Yes, I had a look at the paper, and just as I suspected it uses the Computer Language Benchmarks Game (CLBG).
As a game it may be fun, but as a set of benchmarks they're worthless. Some compilers have been optimized to score well on those benchmarks, and some haven't. Change the problem set to something different and you may get a completely different set of rankings.
The rules of the CLBG requires that your entry must follow the idiom of the original problem exactly, without being adapted for how another language may actually work. This means that languages which favour approaching problems in a different way are inherently disadvantaged.
Many benchmarks that you find on the Internet are actually samples which were written specifically to show off features of a specific compiler. If you've just written a cool new feature into your compiler, then you need a benchmark which shows it off at its best. That has little relevance to anything which isn't very similar to that benchmark however.
These benchmarks represent a very specific problem domain, one that is probably best suited to C, or in some cases Fortran. If you have a problem like that, then write it in C or Fortran, that's what those languages are intended for. If you are writing a server application for a web site or a line of business application, then write it in a language which is suited for that.
There was a project at Google some years to write their own JIT compiler for Python, called Unladen Swallow. They used the CLBG benchmarks as their development benchmarks, and worked for months on the JIT compiler. When they were done they proudly announced how according to CLBG benchmarks their work was now 'x' times faster. The new JIT compiler was then rolled out to testing prior to deployment.
It was rapidly kicked back. The JIT compiled version was not 'x' times faster, it was 'y' times slower. By optimizing it for CLBG they ended up de-optimizing it for real world problems.

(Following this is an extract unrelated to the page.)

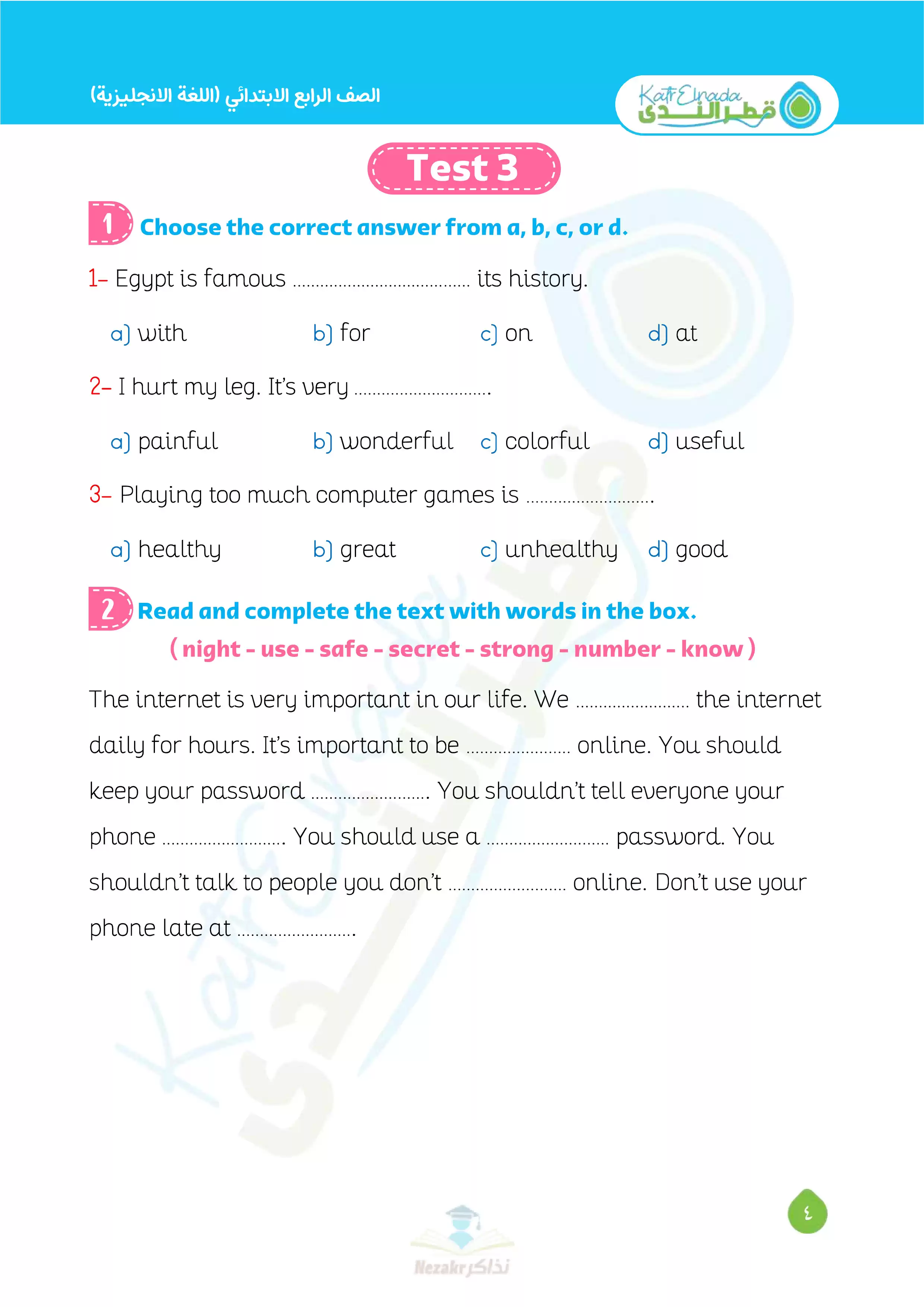 بيانات الملف: (بالإجابات اختبارات قطر الندي في الانجليزي لرابعة ابتدائي امتحان ابريل 2025 - Nezakr)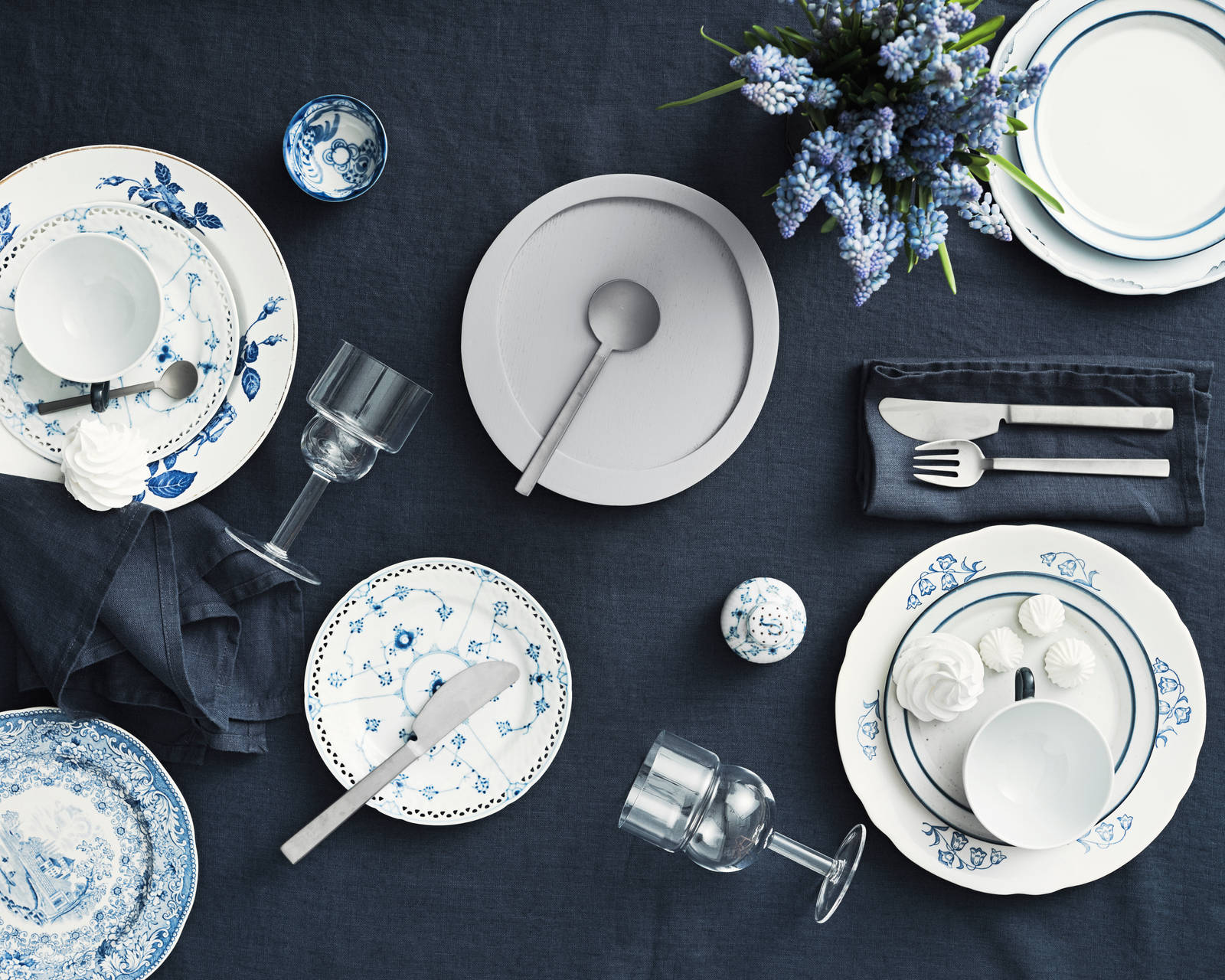 Blå toner i vintageporslin blandat med moderna glas och bestick blir både levande och personligt.

The big lesson learned from that was the need for more realistic benchmarks. These were created by using large chunks of actual applications as well as synthetic benchmarks, and this is the approach used by more successful Python JITs such as PyPy.
Unfortunately for people trying to compare languages, realistic benchmarks are not readily portable across languages, and nobody else is motivated enough to write ones which are.
The only realistic approach is to know several different programming languages and know which one is best suited to which application. Even better, learn how to use them together so that you can use C and python together in those situations where you need features from both.